We say that an ``old name'', one that occurs in non-SSA code, stands for a location, while a ``new name'', one in SSA code, stands for a value. In Machine SUIF, both kinds of names are represented as operands, i.e., they have type Opnd. The old names can be variable-symbol operands or register operands; these are the items SSA conversion pays attention to. The new names inserted by conversion to SSA form are always virtual registers, distinct from any that were in the original code.

In Rice's implementation, operands, and therefore names, in the sense above, are represented as integers. That's very handy for looking up operand attributes in tables. Our names are operands, but we provide a map from these names to small-integer ``identifiers'', or ``ID''s.

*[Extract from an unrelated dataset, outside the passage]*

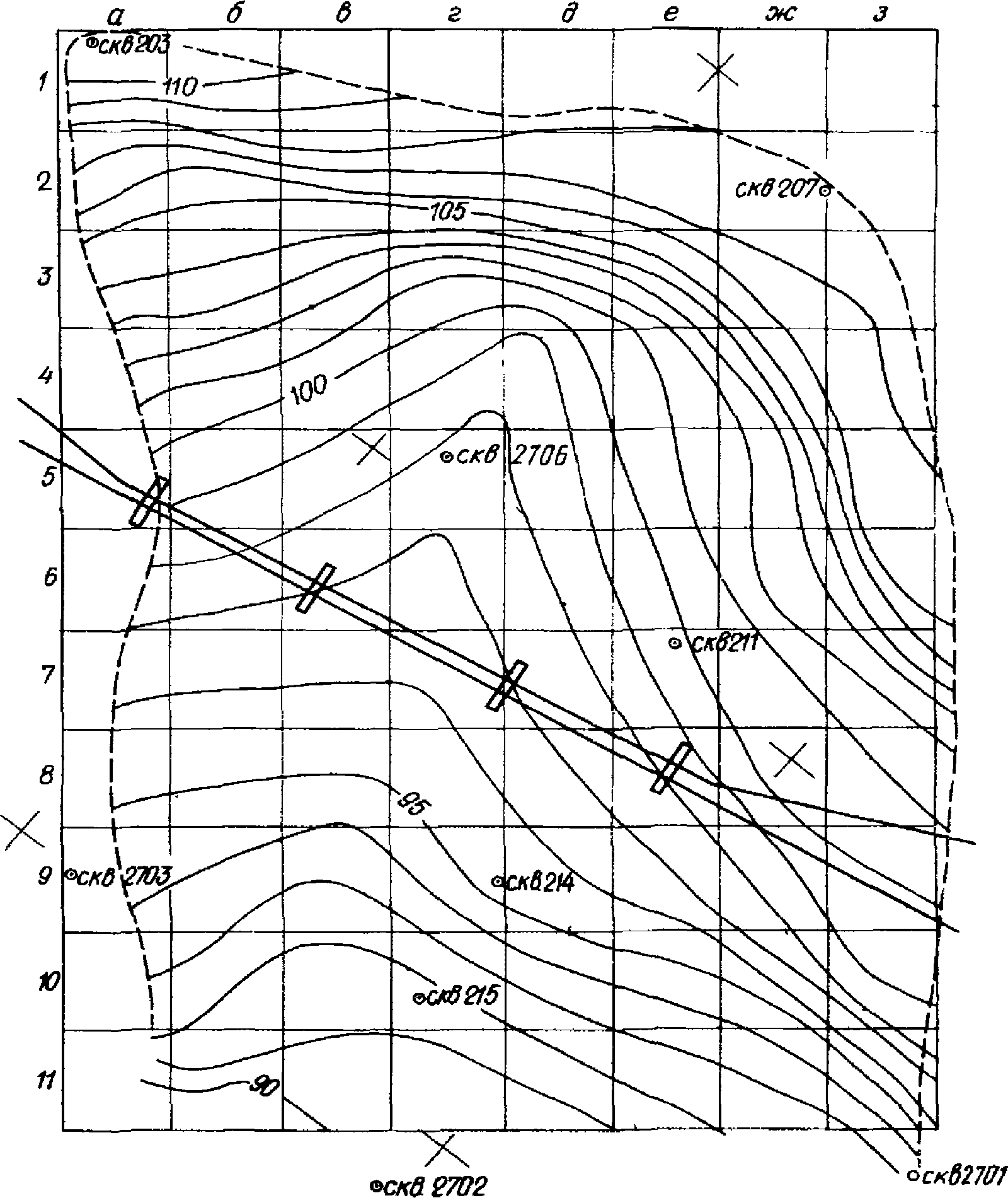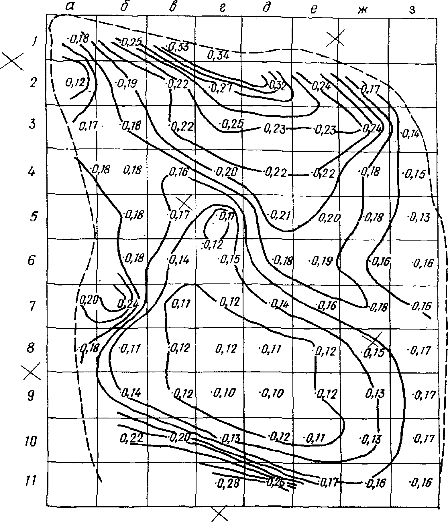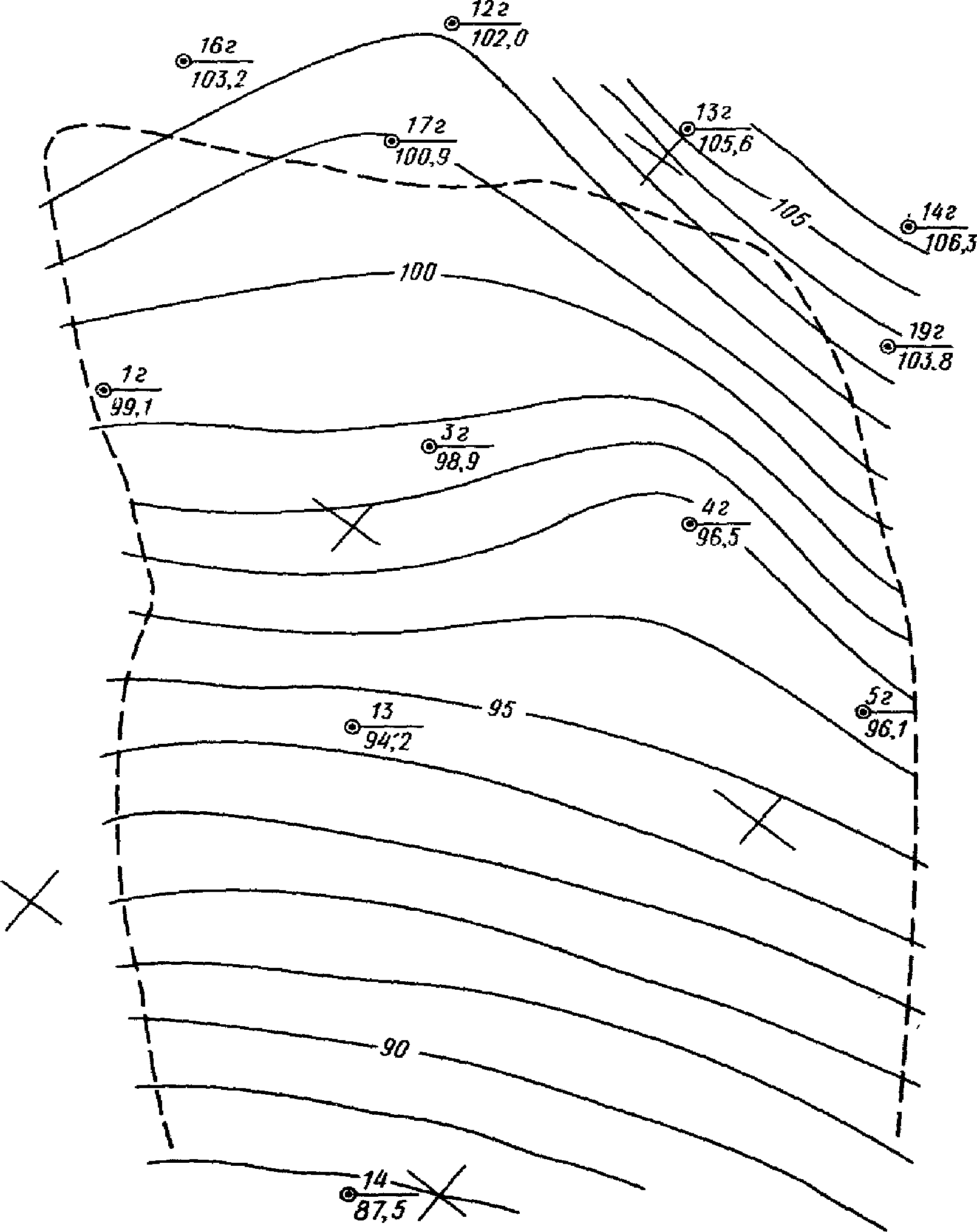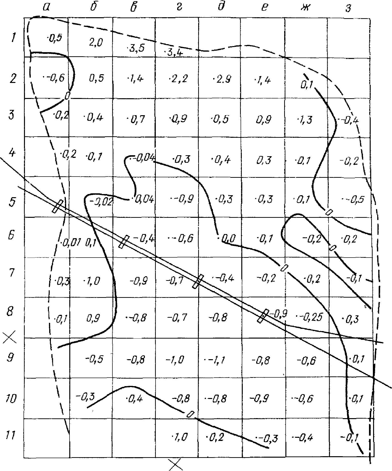 1.11. Наиболее реальная величина оползневого давления на каждый элемент заглубленного сооружения может быть получена по плану изолинейного поля оползневого давления, построенного на основе решения объемной задачи (см.

A singular feature of SSA form is the phi-function, the fictitious statement that defines a new SSA value by multiplexing different values of the same original variable, each corresponding to a different incoming control edge. The Rice paper, like most other literature, calls these ``phi-functions'', but the Rice code uses phi-node, [Maybe ``node'' refers to an element of the internal representation of the program, or maybe it just means ``list element'', since a basic block may in general have a list of phi-functions. This latter use of ``node'' occurs repeatedly in the Rice code.] and we keep that term. We use the word sources to describe the inputs of a phi-node, since these ``argument'' values are analogous to the source operands of an instruction. [The Rice code uses ``parameter'', abbreviated parm.] One or more of the sources of a phi-node may be null. That means that the underlying location has no definition along the incoming edge that corresponds to the source. A phi-node whose sources are all the same, ignoring nulls, is called a useless phi-node. [The Rice code defines useless more aggressively, but notes that this may not be a good idea. We found cases in which the Rice definition caused to many phi-nodes to be eliminated.] Useless phi-nodes may optionally be eliminated during conversion to SSA form.

Each use of a name is called an occurrence of that name. In SSA form, the sources of a phi-node are occurrences just like those in instructions. A definition point may be either an instruction or a phi-node. We use the term operation to cover both kinds of defining construct. An instance of class Operation is the handle of either an instruction or a phi-node.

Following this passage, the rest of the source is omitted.